Com as redes locais tomando proporções de milhares de nós, outra preocupação foi herdada da camada de rede para a de enlace: o uso da banda. O Spanning Tree bloqueia enlaces para formar a árvore geradora, mantedo-os em backup, enquanto que o TRILL permitea seleção de um caminho ótimo, além de permitir configurações da forma ativa.

3.2. As Routing Bridges

Dada a evolução das redes locais, o desenvolvimento de um dispositivo nativo da camada 2 que aprimorasse as funções das Bridges levou em conta os seguintes aspectos das mesmas:

E teve como objetivo manter as seguintes caracteristicas das Bridges tradicionais:

As RBridges rodam o protocolo IS-IS para mapear a rede local. Cada RBridge tem todo o mapa da rede. Encapsulam os quadros com dois cabeçalhos, um chamada de cabeçalho TRILL e outro chamado de cabeçalho de link local. O primeiro adiciona o campo de contagem de saltos, utilizado para prevenir os loops no lugar das árvores geradoras. Possui também um campo para indicar multicast. O segundo é usado para tornar as Rbridges transparentes para a nuvem de links (as Bridges interligadas), que recebem apenas um quadro comum da camada de enlace.
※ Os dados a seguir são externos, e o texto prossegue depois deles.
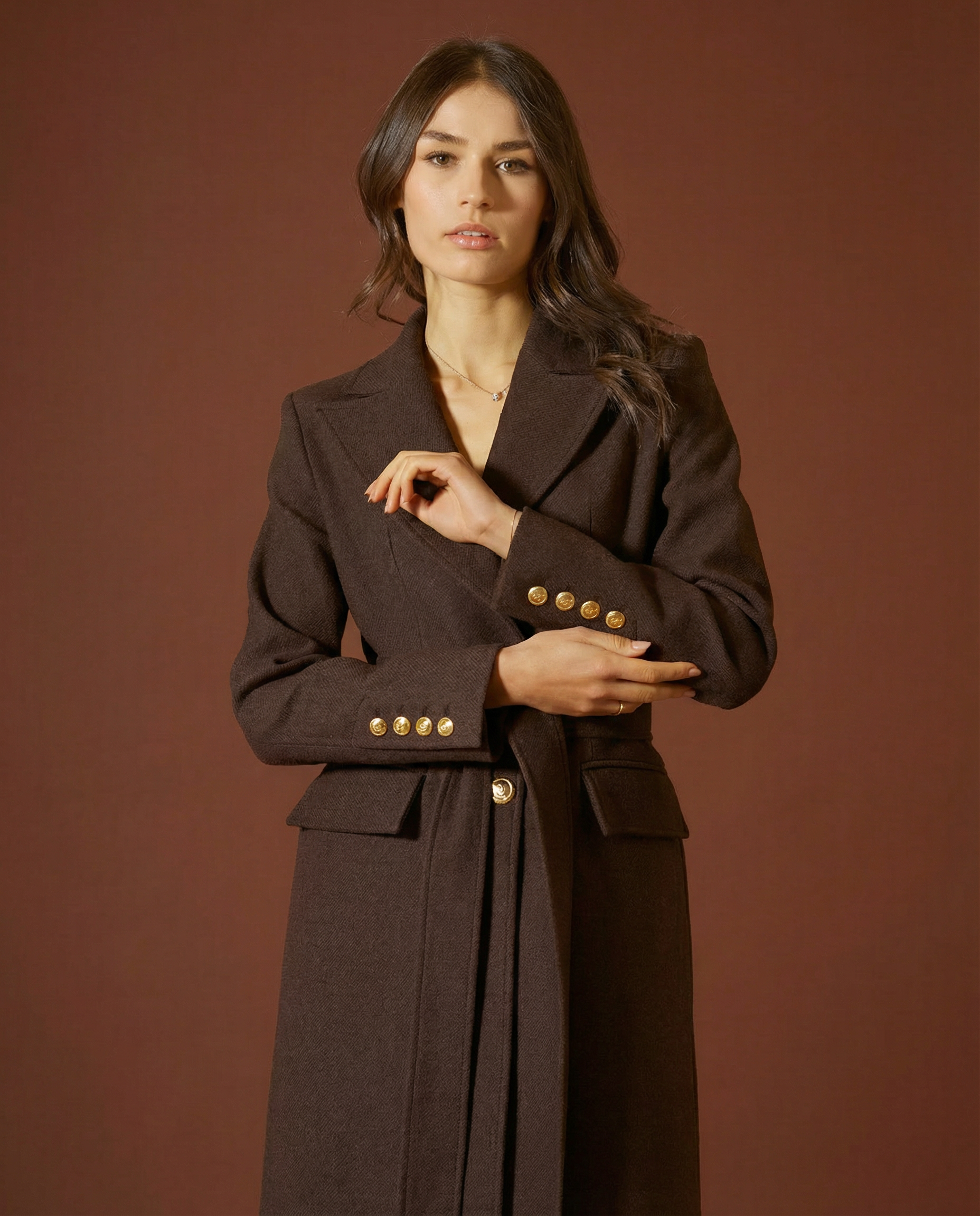 C’era un’eleganza silenziosa, quasi cinematografica, in quel cappotto lungo che scivolava fino a sfiorare le caviglie. Non era solo un capo d’abbigliamento, ma un modo di camminare nel mondo: deciso, raffinato, consapevole. Il tessuto, compatto e fluido al tempo stesso, cadeva con la perfezione di una linea disegnata a mano, seguendo i movimenti del corpo con la grazia di una sciarpa portata dal vento.

A partir do sistema de eleição de roteador desgnado do IS-IS, as Rbridges elegem um RBridge designada (DRB) que delega quais Rbridges iram encapsular e desencapsular os quadros. Ela também decide se será criado o pseudo-nó que simplica a topologia (como acontece no OSPF, para minimizar as mensagens LSP e reduzir as entradas nas tabelas de roteamento).
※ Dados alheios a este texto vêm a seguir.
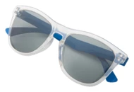 Personalizowane, plastikowye okulary z filtrem UV 400. Produkt składany z wybranym kolorystycznie oprawek i zaucszników. Min.ilość: 50 szt.

A figura 3.2.1 é uma representação visual útil de uma rede que implementa o TRILL. Nela, as RBridges servem como fronteira para a nuvem de links, que é composta pelas Bridges tradicionais. Quanto mais Rbridges a rede local possuir, menor será a nuvem de links, o que reduz as árvores geradas (pelo STP), estabilizando a rede e melhorando o uso da banda.

Figura 3.2.1 - Um rede que implementa o TRILL

Os quadros que passam pelas RBridges e são encapsulados pelo TRILL com dois cabeçalhos, o cabeçalho de link local e o cabeçalho TRILL. Vale dizer que o quadro original também contém um cabeçalho (de um protocolo da camada de enlace). O cabeçalho de link local varia de acordo com o protocolo usado no enlace. Como já dito, o quadro está sendo encapsulado por uma RBridge, que enxerga um conjunto de Bridges como um único enlace. O protocolo usado dentro da nuvem vista pela RBridge pode ser desde o Ethernet, como o PPP ou mesmo o IP. Ele contém as informações de origem e destino do quadro dentro da nuvem. Este cabeçalho será considerado como sendo do tipo Ethernet daqui em diante, pois o campo "vlan tag" será útil para explicitar algumas funcionalidades do TRILL. As RBridges de emissora e receptora indicada no cabeçalho de link local são RBridges intermediárias entre a Ingress RBridge e a Egress Rbridge (campos do cabeçalho TRILL).

Já no cabeçalho TRILL, tem-se campos que indicam multicast, um contador de saltos e as RBridges de origem (Ingress) e destino (Egress). Essas RBridges são diferentes das indicadas do cabeçalho de link local, uma vez que essas são as RBridges que encapsularam e desencapsularam o quadro respectivamente, recebendo e encaminhando o quadro original diretamente para os nós finais.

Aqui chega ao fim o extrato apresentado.